Какая-то «дама» постоянно сидит у Тети, что-то похожее на «компаньонку», держится подобострастно, повторяет нам каждое Тетино слово. От нее нам еще тошней.
Так особенно, по-Тетиному, блестят стекла. В их распахнутых створках отражаются благовоспитанные кусты, и мы смотрим друг на друга с безнадежным унынием. За столом, за маленьким табльдотом, куда мы спускаемся с Тетей и этой противной «дамой», всего несколько человек, и все, как на подбор, противные! Салфетки блещут глаженой белизной, ими страшно вытереть руки и рот, болтать ногами – нельзя.

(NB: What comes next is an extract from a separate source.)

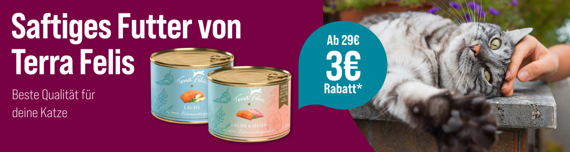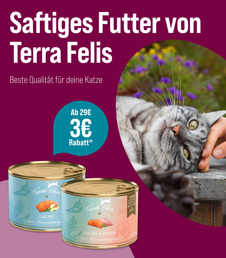 *Gültig vom 08.09.2025 bis 05.10.2025 nur für ZooRoyal Club Mitglieder. Spare 3 € ab 29 € Einkaufswert auf Terra Felis Katzenfutter. Gilt nur auf ausgewählte Produkte dieser Aktionsseite. Gilt nur im ZooRoyal Online-Shop und nicht in den ZooRoyal Fachmärkten.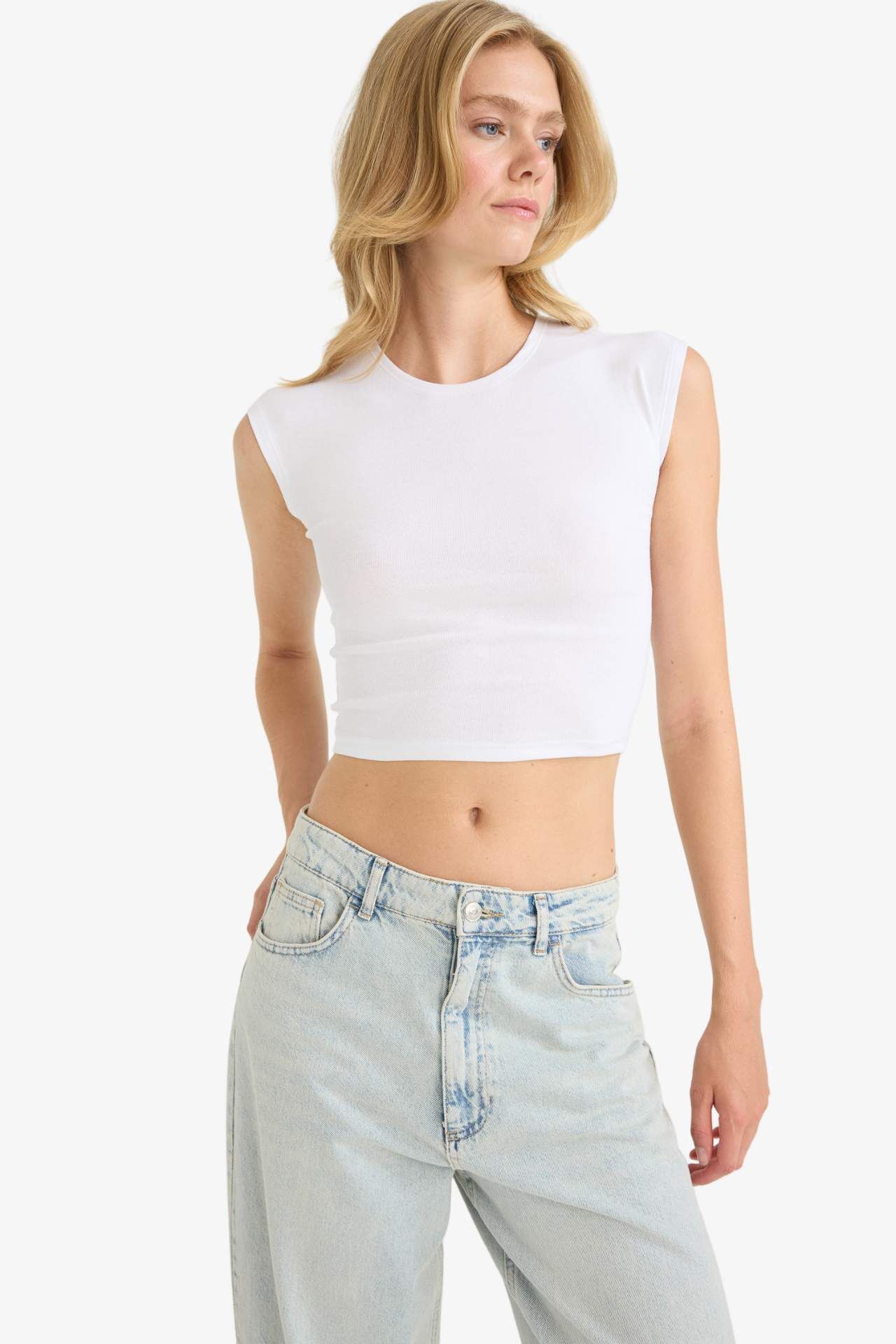 DeFacto Fitted Bisiklet Yaka Kısa Kollu Tişört G0273AX25SMWT34

– Мунечка забиль, а Анечка еще и не знала, как надо держать за столом, – с бесконечной энергией и в невинной ласковости говорит Тетя. Она никогда не ела руками поджаренную в дыму костра рыбу, никогда не падала в море, никогда не бегала по скалам. Но она сделала необычное предложение: за каждый день, когда мы послушны, она дает нам каждой по лире (мы эти лиры будем копить для Володи!). Но их нелегко добыть… Мы стараемся честно, изо всех сил. Это превращает день в пытку. Мы совсем не живем – мы усердно играем других, несуществующих Мунечку и Анечку; мы вносим в эту труднопереносимую игру долю ожесточения. Мы даже и увлекаемся на первых порах, хоть в глубине где-то чуть стыдно перед Тетей, искренно верящей в то, что под ее влиянием мы – исправляемся…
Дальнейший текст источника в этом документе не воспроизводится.